Branch REL9_4_STABLE
diff --git a/src/interfaces/libpq/fe-secure.c
b/src/interfaces/libpq/fe-secure.c
index 2752d16..54001c0 100644
--- a/src/interfaces/libpq/fe-secure.c
+++ b/src/interfaces/libpq/fe-secure.c
@@ -350,6 +350,7 @@ pqsecure_read(PGconn *conn, void *ptr, size_t len)

rloop:
SOCK_ERRNO_SET(0);
+ ERR_clear_error();
n = SSL_read(conn->ssl, ptr, len);
err = SSL_get_error(conn->ssl, n);
switch (err)
@@ -511,6 +512,7 @@ pqsecure_write(PGconn *conn, const void *ptr, size_t
len)
DISABLE_SIGPIPE(conn, spinfo, return -1);

SOCK_ERRNO_SET(0);
+ ERR_clear_error();
n = SSL_write(conn->ssl, ptr, len);
err = SSL_get_error(conn->ssl, n);
switch (err)

Similar situation discussed on
stackoverflow:http://stackoverflow.com/questions/18179128/how-to-manage-the-error-queue-in-openssl-ssl-get-error-and-err-get-error

--
Sent via pgsql-bugs mailing list (pgsql-bugs@postgresql.org)
To make changes to your subscription:
http://www.postgresql.org/mailpref/pgsql-bugs

#2Heikki Linnakangas
heikki.linnakangas@enterprisedb.com
In reply to: Noname (#1)
Re: BUG #12799: libpq - SSL pqsecure_read() doesn't clean openssl error queue before reading

On 02/24/2015 05:09 AM, william.welter@4linux.com.br wrote:

According to OpenSSL manual
(https://www.openssl.org/docs/ssl/SSL_get_error.html#DESCRIPTION) "The
current thread's error queue must be empty before the TLS/SSL I/O operation
is attempted, or SSL_get_error() will not work reliably"

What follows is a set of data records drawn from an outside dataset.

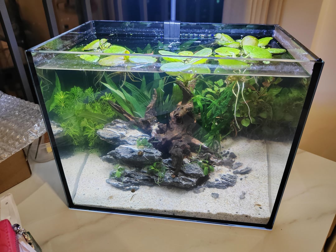 3 days after the setup l added 5 AP suggestions. I will add a few shrimp too, haven't decide on adding a fish yet. Do you have any suggestions for this size?
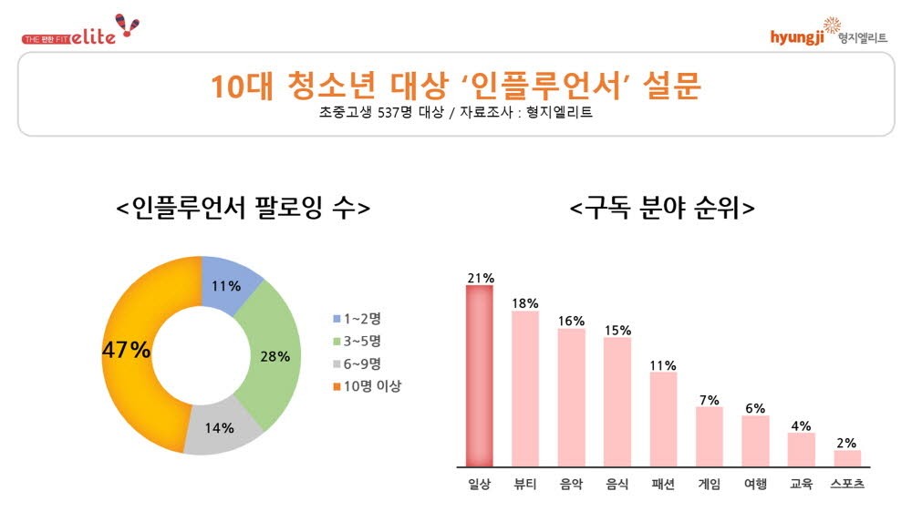 형지엘리트(대표 최병오)가 최근 10대 청소년을 대상으로 인플루언서 콘텐츠 소비 현황과 콘텐츠 내 특정 브랜드 인식에 관한 설문을 진행했다. 설문 결과 청소년의 절반 가량이 10명 이상의 인플루언서를 팔로링하며 주로 유튜브 채널을 방문하고 일상생활, 뷰티, 음악, 음식, 패션분야의 콘텐츠를 챙겨보는 것으로 나타났다.
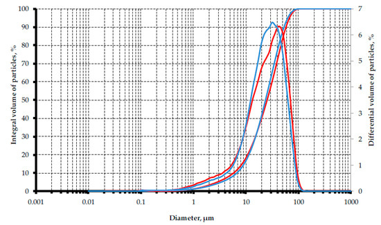 Granulometry of CGB and FGB is shown in Figure 4. CGB is characterized by a unimodal particle distribution, with a well-defined peak in the size range of 28–36 µm. The modal particle diameter is 30.1 μm. FCG is characterized by a unimodal particle distribution, with a well-defined peak in the size range of 36–46 µm. The modal particle diameter of FCG is 37.79 μm.
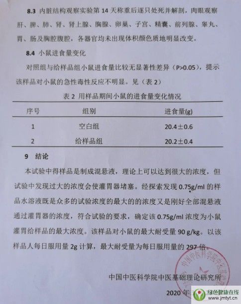 本試驗中得樣品是制成混懸液,理論上可以達到很大的濃度,但試驗中發現過大的濃度會使灌胃器堵塞。經探索發現0.75g/ml的樣品水溶液既是眾多的試驗濃度的最大的的濃度又是剛好全齢混懸液通過灌胃器的濃度,符合試驗的要求,確定該0.75g/ml濃度為小鼠灌胃給樣品的最大濃度。該樣品對小鼠的最大耐受量90g/kg。以該樣品人每日服用量2g計算,最大耐受量為每日服用量的297倍。
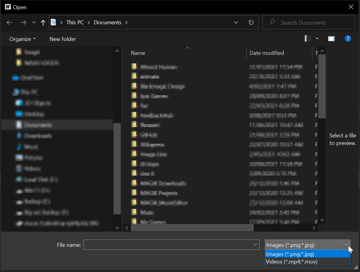 Cela se traduira par l'ouverture de la boîte de dialogue "Ouvrir un fichier" en utilisant *.png,*.jpg,*.mov,*.mp4 comme filtres.

But libpq in pgsecure_read()/pqsecure_write() on branch REL9_4_STABLE or in
pgtls_read()/pgtls_write() on branch MASTER there no calls to
ERR_clear_error() to clear error queue
(https://www.openssl.org/docs/crypto/ERR_clear_error.html) and avoid
unpredictable conditions.

<pedantic>
The OpenSSL manual doesn't directly require you to call
ERR_clear_error() before every SSL_* call. It just requires that you
ensure that the error queue is empty. Libpq ensures that by always
clearing the queue *after* an error happens, in SSLerrmessage().
</pedantic>

I'm actually not 100% sure we clear the error queue after every error.
Looking at the OpenSSL sources on SSL_get_error(), it seems possible
that it returns SSL_ERROR_SYSCALL, with an error in the error queue. The
libpq code does not call SSLerrmessag() when SSL_get_error() returns
SSL_ERROR_SYSCALL, so that would leave the error dangling in the queue.
Also, if there are multiple errors in the queue, we only return and
remove from the queue the first one.

So should we clear the error queue before each call, just to be sure?
The risk is that the application has performed some other OpenSSL
operations, outside libpq, but not checked the error queue yet, and when
we clear the queue, the original error is gone and isn't reported. An
application probably shouldn't do that, you should check the error after
each SSL call, and not leave the error dangling in the error queue as a
landmine for the next SSL call. OTOH, if the application is built so
that the error queue is cleared before each SSL call, not after, that's
incompatible with the way libpq currently works. And that's certainly a
much more common practice than the hypothetical application that would
miss the error if it's cleared unexpectedly.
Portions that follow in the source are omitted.